Ama son eseri tam olarak nedir – ve hangi kısımlar kurgu, hangi kısımlar anı? Austral, Amazon’daki başarısız Neudeutschland kolonisinden hayatta kalanların tanıklıklarıyla ülkenin soykırımına dair kanıtları ortaya çıkarmaya çalışan Guatemala’daki bir tiyatro projesine kadar kültürel çatışmalar ve travma hikayeleriyle doludur. Yinelenen motifler var: sessiz tanıklar, delilik ve kayıp, özel diller ve ıssız manzaralar. Julio, Aliza’nın esrarengiz metnini ne kadar derinlemesine araştırırsa, bir bağlantılar ağı da o kadar kendini gösterir. Austral, hem fiziksel hem de entelektüel açıdan ustaca bir keşif yolculuğudur.
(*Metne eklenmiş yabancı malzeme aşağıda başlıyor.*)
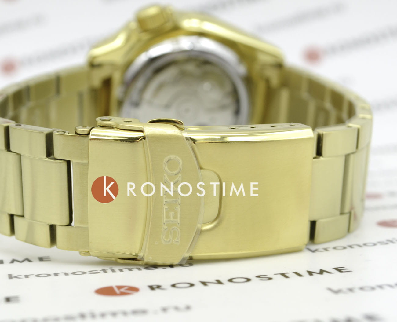 Водозащита 100 метров (10 бар) позволяет использовать часы для плавания и других водных видов спорта. Стальной браслет с PVD-покрытиемPVDУльтратонкое покрытие наносится в технике вакуумного напыления, сочетает в себе нитрид титана особой прочности со слоем золота или оксида хрома. Несёт в себе декоративную или защитную функцию. золотого цвета и раскладной застёжкойРаскладная застёжкаТакой тип застёжки используется только на браслетах из металла. Она никогда не раскрывается полностью, происходит разделение на 2 и более частей. Раскладывающая застёжка снизит вероятность потери часов к минимуму. обеспечивает комфортное ношение и надёжную фиксацию на запястье. ​​
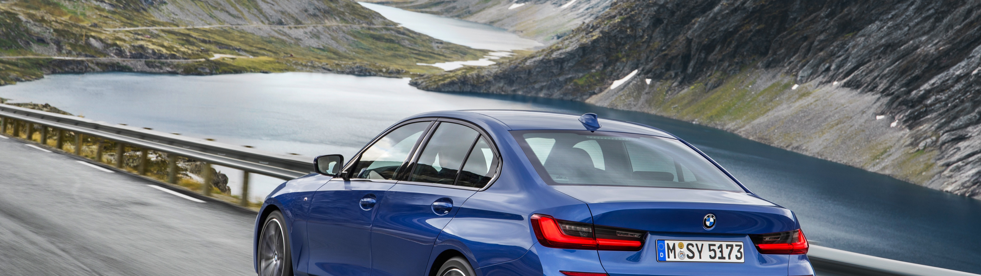 Назад к обои дорога, асфальт, вода, горы, разметка, BMW, M Sport, 3-Series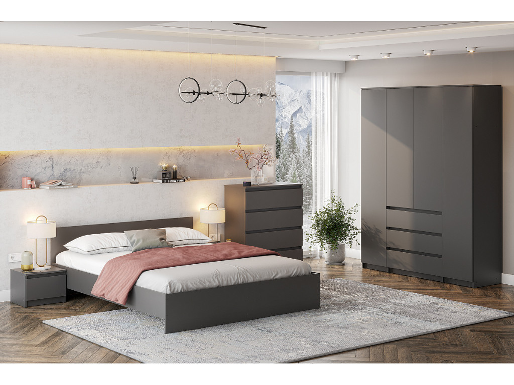 Цена указана на комплектацию на фото: Кровать, Основание под матрац 1,6*2,0м (ЛДСП), Комод 4 ящика, Тумба прикроватная, Шкаф четырехстворчатый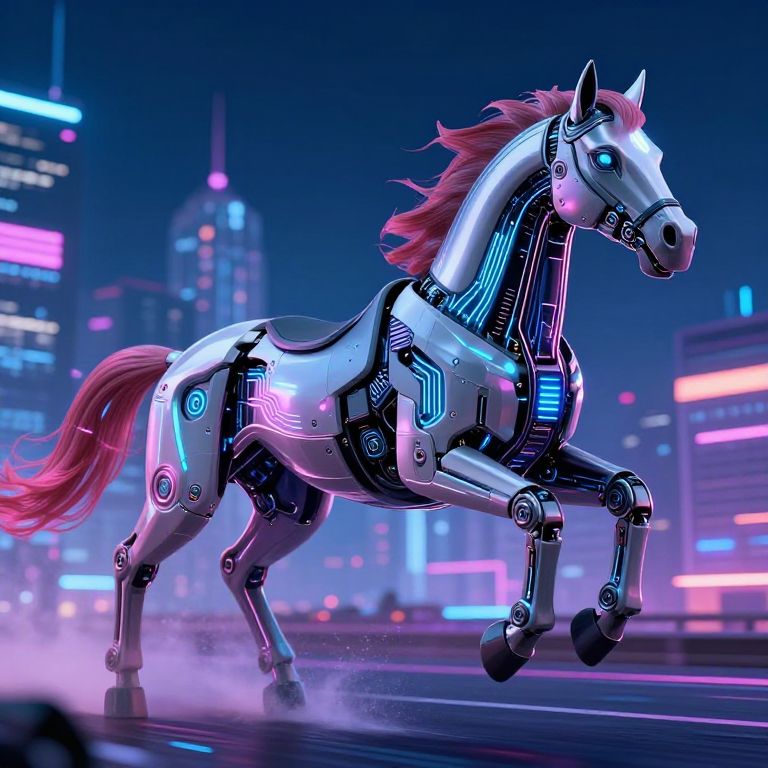 AI horse, a futuristic mechanical horse with glowing circuits and sleek metallic body, galloping across a neon-lit cyber city at night, blending advanced technology with equine grace, digital art style with vibrant colors and dynamic lighting

Guadalupe Nettel’in anlatıcısı Laura ÖLÜ DOĞMUŞ (Bloomsbury, 207 sayfa, 26,99 dolar), 30’larında ve edebiyat alanında doktora yapıyor – ya da en azından yapmaya çalışıyor – ve diğer karmaşık faktörleri dengeliyor: annesiyle gergin bir ilişki, gürültülü komşular (bekar bir anne ve öfke nöbetine yatkın oğlu), Meksika’daki yaygın cinsiyetçilik City ve onun uykuda olan romantik hayatı.
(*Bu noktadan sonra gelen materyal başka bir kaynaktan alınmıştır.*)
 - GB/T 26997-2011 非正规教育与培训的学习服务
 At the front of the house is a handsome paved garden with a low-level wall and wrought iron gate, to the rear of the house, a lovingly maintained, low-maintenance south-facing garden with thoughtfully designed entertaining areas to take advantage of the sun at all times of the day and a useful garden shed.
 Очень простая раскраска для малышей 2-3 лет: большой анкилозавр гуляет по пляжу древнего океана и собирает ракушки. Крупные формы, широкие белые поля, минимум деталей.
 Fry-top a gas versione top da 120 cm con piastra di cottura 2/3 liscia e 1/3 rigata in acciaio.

Aslında, daha geleneksel evlilik ve annelik yolu yerine bağımsızlık ve yalnızlık yolunu uzun zaman önce seçti. Ve bunu söylemekten korkmuyor. “Yıllarca arkadaşlarımı üremenin umutsuz bir hata olduğuna ikna etmeye çalıştım” diye açıklıyor. “Onlara, ne kadar tatlı ve sevgi dolu olurlarsa olsunlar, çocukların her zaman özgürlükleri üzerinde bir kısıtlama ve ekonomik bir yük olacağını söyledim, fiziksel ve duygusal bedellerinden bahsetmeye bile gerek yok.”
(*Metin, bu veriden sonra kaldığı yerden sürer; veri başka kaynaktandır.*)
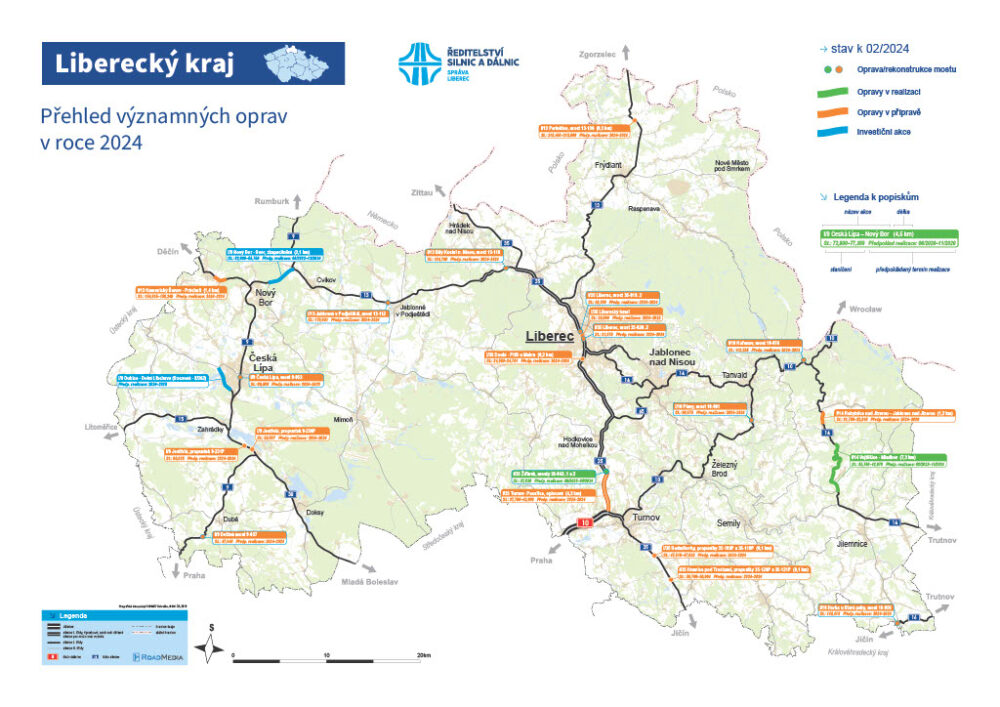 Na Českolipsku máme tři významné akce. Pokračujeme s výstavbou na silnici I/9 mezi obcemi Nový Bor a Svor. 1. 3. 2024 zahajujeme opravu mostu v České Lípě, která by měla trvat do roku 2026. A v neposlední řadě letos začínáme se stavbou obchvatu na silnici I/9 mezi obcemi Dubice – Dolní Libchava, která pomůže zlepšit dopravu v České Lípě.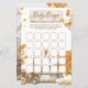 Distrayez vos invités avec cette carte de jeu "Baby Bingo" amusante et interactive. Cette activité est un moyen charmant de faire participer tout le monde pendant que la future maman ouvre ses cadeaux. Conçue avec une scène de marché fermier aquarellée charmante et un feuillage automnal, cette carte complète parfaitement votre fête de naissance sur le thème de l'automne et ajoute un élément ludique à la célébration.

En iyi arkadaşı Alina hamile kaldığında – ve ardından bebeğinin hayatta kalma şansı hakkında yıkıcı bir tahmin aldığında – Laura, bırakın hayatın diğer temel gizemlerini, varsayımlarını yeniden gözden geçirmeye başlar. (Budizm okudu.) Bir bebeğin var olma isteğini veya bir ebeveynin bağlanma duygusunu nasıl anlarsınız? Sevdiğiniz birinin son günü olabilecekken her günü yaşamayı nasıl öğrenirsiniz?


Daha önceki çalışmaları zaman zaman fantazmagorik olan Nettel, canlı gerçekçiliği nedeniyle burada daha da akıldan çıkmıyor. Rosalind Harvey tarafından çevrilen Still Born, hem Laura hem de Alina için yürek burkan derecede yoğun bir yolculuktur. Laura, asla hayal bile edemeyeceği bir şekilde, “Annelik, bir insanın varlığını sonsuza dek değiştirir,” diyor.


Genç bir Toba Batak yazarı olan Norman Erikson Pasaribu, ilk koleksiyonunun başında “Mutlu olmak ne anlama geliyor?” diye soruyor: MUTLU HİKAYELER, ÇOĞU (Feminist Press, 146 sayfa, Ciltsiz, 16,95 $) Tiffany Tsao tarafından çevrilmiştir. Bu zor bir soru, özellikle bağlantı arayan eşcinsel karakterlerin çoğu için. Çağdaş Endonezya’da, bırakın rahatlık veya kabullenmeyi, çok az neşe buluyorlar.

Pasaribu’nun güdüleri Fonseca’nınkinden çok daha karanlık: Hikâyeleri sağanak yağmur, ağlayan anneler, itiraflar ve çarmıha gerilmeler, yalnızlık ve intiharla dolu. Hayaller gerçekleşmeden kalır ve ülkeleri gibi gençler de genellikle hangi yöne döneceklerinden emin değildir.

“Bana sorarsanız, bir ulus, özellikle de sömürge sonrası bir ulus var mıdır? Olumsuz Cevaplanmayan Dua Bölümüne Hoş Geldiniz’deki bir karakter şöyle soruyor: “Yoksul olduğunuzda daha da çok. Eskiden olduğum gibi. Hayatımın her günü aynı anda bir yol ayrımında ve çıkmaz sokaktaydım.”


Pasaribu, Metaxu: Jakarta, 2038’de olduğu gibi geleceği hayal ettiğinde bile, kasvetli görünüyor: uçan arabaların, karaoke barların ve silinmiş hatıraların distopik bir dünyası. Pasaribu’nun hikayeleri çok çeşitlidir, gerçekçilik ve fabulizmi karıştırır, ancak çoğu zaman özünde bir boşluğa geri döner. Mutlu olmaktan başka her şeysin. Pasaribu, A Bedtime Story for Your Long Sleep’teki kısa öykü yazarı gibi, yine de kayıp öykülerinden yeni bir şey inşa etmenin bir yolunu buldu: “Böyle bir öykünün bir gün işe yarayacağına dair bir his vardı – dipsiz bir çukur. “Sefalet kulemi Babil’de inşa etmem benim için keder taşları.”


Anderson Tepper, Brooklyn Kitap Festivali Uluslararası Komitesi Başkanı ve Pittsburgh’daki İltica Şehri’nde Uluslararası Edebiyat Küratörüdür.